CN210119097U - Grading and shunting type circulating air flow drying device - Google Patents

Abstract

The application discloses hierarchical shunting circulated air flow drying device, including hopper and reinforced auger, the hopper meets with reinforced auger, and the hopper is arranged in carrying the material to reinforced auger, still includes pulse expansion room, first dry construction and second dry construction, pulse expansion room meets with reinforced auger, be provided with the separation otter board in the pulse expansion room, the separation otter board is used for separating thin material and thick material and carries respectively to thin export and thick export, the thin export of pulse expansion room meets with first dry construction, the thick export of pulse expansion room meets with second dry construction.

Description

Grading and shunting type circulating air flow drying device

Technical Field

The utility model relates to a drying machine field especially relates to a reposition of redundant personnel STREAMING circulating air current drying device.

Background

The structure of the existing straight tube type airflow dryer is shown in figure 1, and comprises seven components, namely a hopper (1), a spiral feeder (2), an air filter (3), a fan (4), a preheater (5), a drying tube (6) and a cyclone separator (7). The drying machine cannot perform a grading function on materials because the drying pipe 6 is a straight pipe, and when the materials to be dried are materials with large granularity difference, the device cannot perform effective drying treatment. However, many materials are mixed materials consisting of fine materials (with the particle size less than 2mm) and coarse materials (with the particle size more than 2mm), and the drying machine cannot dry the coarse and fine mixed materials due to the large property difference between the fine materials and the coarse materials.

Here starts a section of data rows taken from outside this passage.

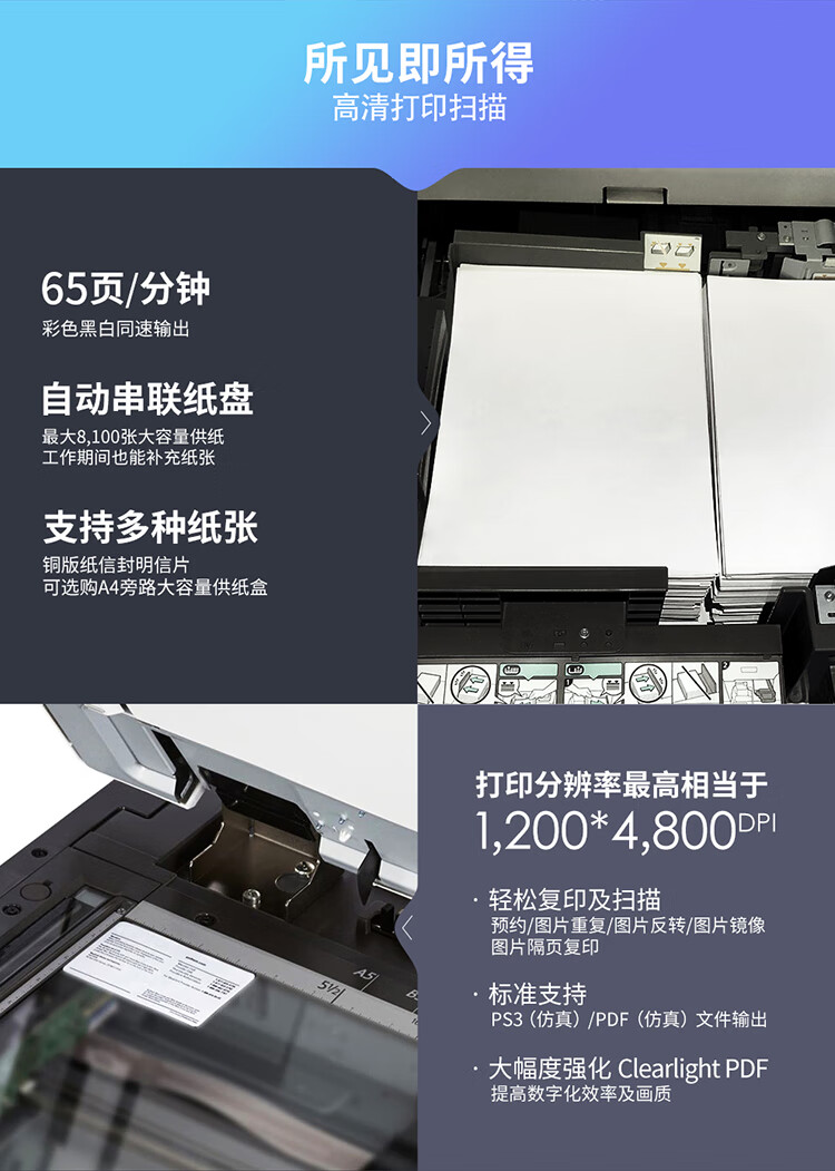 | 打印速度划分 | 超高速机(60页/分钟) |
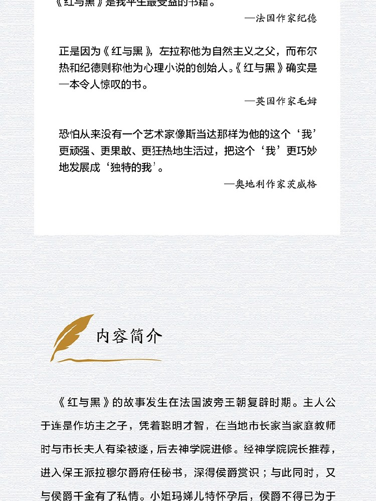 正是因为《红与黑》,左拉称他为自然主义之父,而布尔热和纪德则称他为心理小说的创始人。《红与黑》确实是一本令人惊叹的书。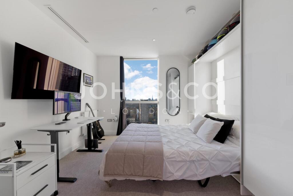 Experience luxury living in the heart of Canary Wharf with this stunning two-bedroom apartment on the 19th floor of Salvor Tower.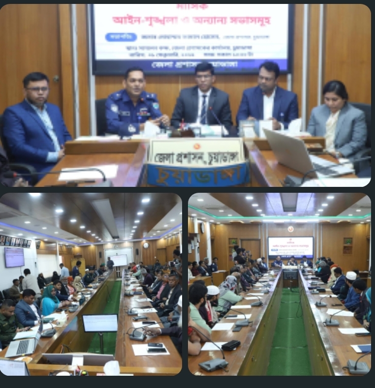 অদ্য ০৮ ফেব্রুয়ারি ২০২৬ ইং সকাল ১০:০০ ঘটিকায় জেলা আইন-শৃঙ্খলা কমিটি, আদালত সহায়তা, সন্ত্রাস ও নাশকতা প্রতিরোধ; মানব পাচার প্রতিরোধ; চোরাচালান নিরোধ সমন্বয়; সড়ক দুর্ঘটনা হতাহতদের নির্ভুল ও সমন্বিত পরিসংখ্যান প্রণয়ন; জেলা সড়ক নিরাপত্তা কমিটি; চোরাচালান নিরোধ; অনিস্পন্ন চোরাচালান মামলাসমূহ সম্পর্কে মনিটরিং সেলের সভা অনুষ্ঠিত হয়।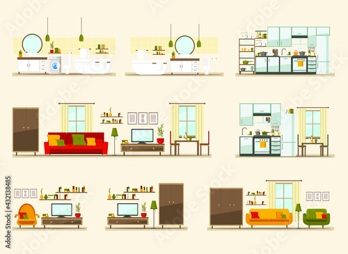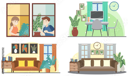Векторный набор плакатов, баннеров с грузчиками, несущими диван, телевизор, толкающими тележку с холодильником, сантехником, чинящим протекающие водопроводные трубы. Сантехника, услуги компании по переезду или доставке элементов дизайна в плоском стиле.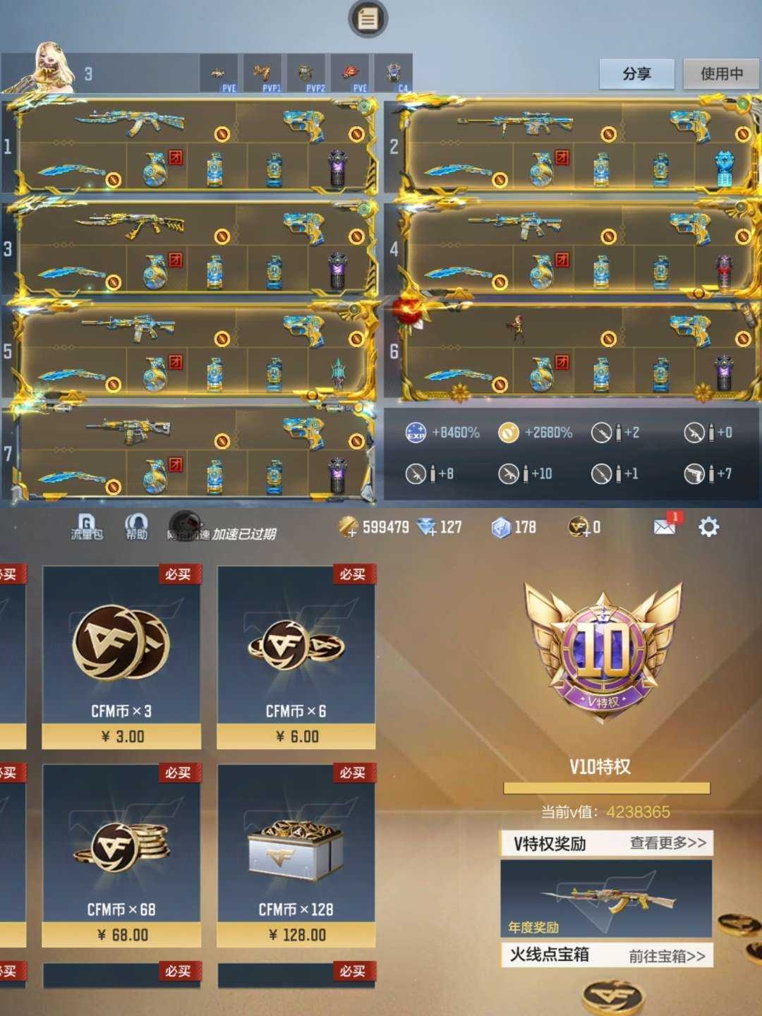 装备描述:最强CF❤️榜前5❤️五百万V值❤️不良人深海猎手毕业❤️所有活动全拉满❤️全紫电炫金王者三国❤️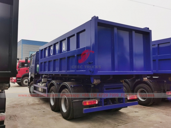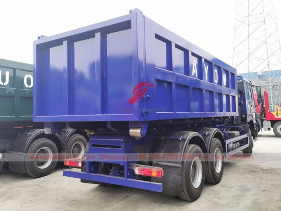 HOWO 20 cbm kancalı kaldırma çöp kamyonu, WEICHAI 336HP dizel motorlu HOWO 6x4 RHD model şasi, 10 vitesli manuel şanzıman, yüksek mukavemetli kancalı yükleyici sistemi, her türlü çöp konteyneri opsiyonel. Boyama ve logolar gereksinime bağlıdır.

SUMMERY OF THE UTILITY MODEL

The utility model provides a to above-mentioned problem, provide a reposition of redundant personnel STREAMING circulation wind air current drying device.

The utility model adopts the following technical scheme:

the utility model provides a reposition of redundant personnel STREAMING circulated air flow drying device, includes hopper and reinforced auger, the hopper meets with reinforced auger, and the hopper is arranged in carrying the material to reinforced auger, still includes pulse expansion chamber, first dry construction and second dry construction, pulse expansion chamber meets with reinforced auger, be provided with the separation otter board in the pulse expansion chamber, the separation otter board is used for separating thin material and thick material and carries respectively to thin export and thick export, the thin export of pulse expansion chamber meets with first dry construction, the thick export of pulse expansion chamber meets with second dry construction.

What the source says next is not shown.